_What to work on_
Extract, exactly and without pictures, every line from the one that includes "Daily ear cuff" through the final line of the material below.

_Given information_

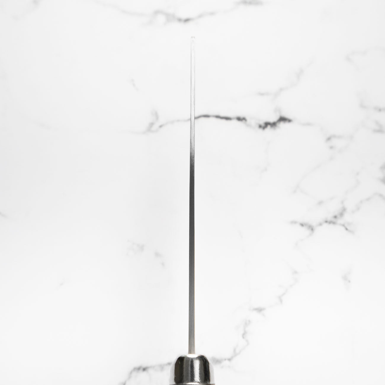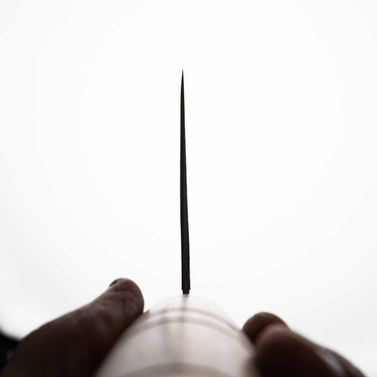 Japanese White Steel #2, a traditional high-carbon steel, is cherished for its purity and fine grain structure, enabling razor-sharp edges, at the cost of being reactive. It is one of the easiest steels to sharpen, but cannot be left wet for even short periods otherwise rust spots can occur. If you’re fastidious in your knife maintenance, this knife steel can be extremely rewarding to use.
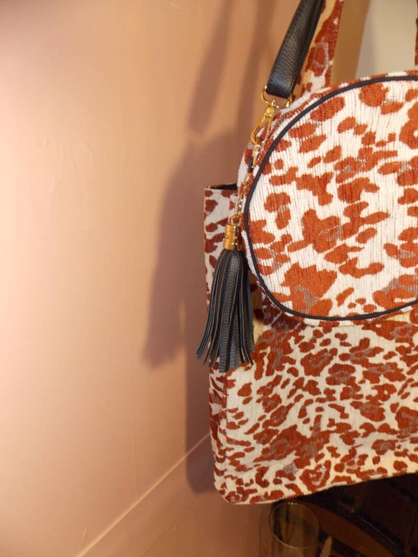 Deze speciaal geweven stof heeft ook stukken luipaard print met een waanzinnige metallic glans, LOVE IT!
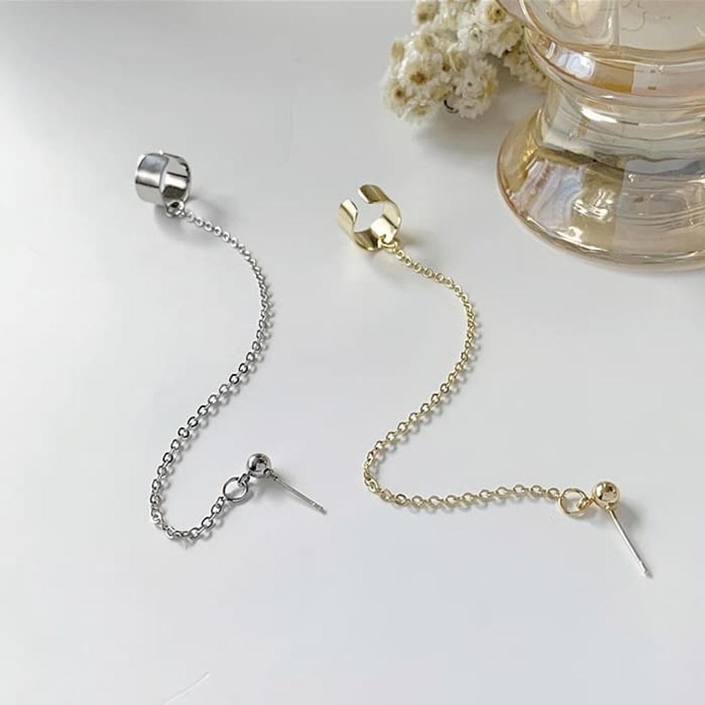 Daily ear cuff earrings plain chain silver needle — купить товар онлайн с бесплатной доставкой по всему миру!
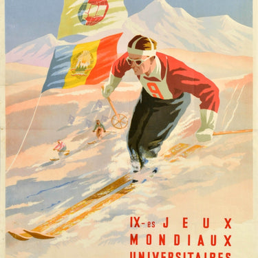 Original vintage sport poster for the International Student Union IX World University Winter Games held from 28 January - 4 February 1951 in Poiana Romania featuring dynamic artwork depicting a skier wearing a number 9 racing bid skiing down the piste at speed with two skiers and mountains in the background, flags flying on the side and the bold title text in red letters above and below in French - Union Internationale des Etudiants IXes Jeux Mondiaux Universitaires d'Hiver Republique Populaire Roumaine. Good condition, folds, creasing, staining.

_Result_
 Daily ear cuff earrings plain chain silver needle — купить товар онлайн с бесплатной доставкой по всему миру!
 Original vintage sport poster for the International Student Union IX World University Winter Games held from 28 January - 4 February 1951 in Poiana Romania featuring dynamic artwork depicting a skier wearing a number 9 racing bid skiing down the piste at speed with two skiers and mountains in the background, flags flying on the side and the bold title text in red letters above and below in French - Union Internationale des Etudiants IXes Jeux Mondiaux Universitaires d'Hiver Republique Populaire Roumaine. Good condition, folds, creasing, staining.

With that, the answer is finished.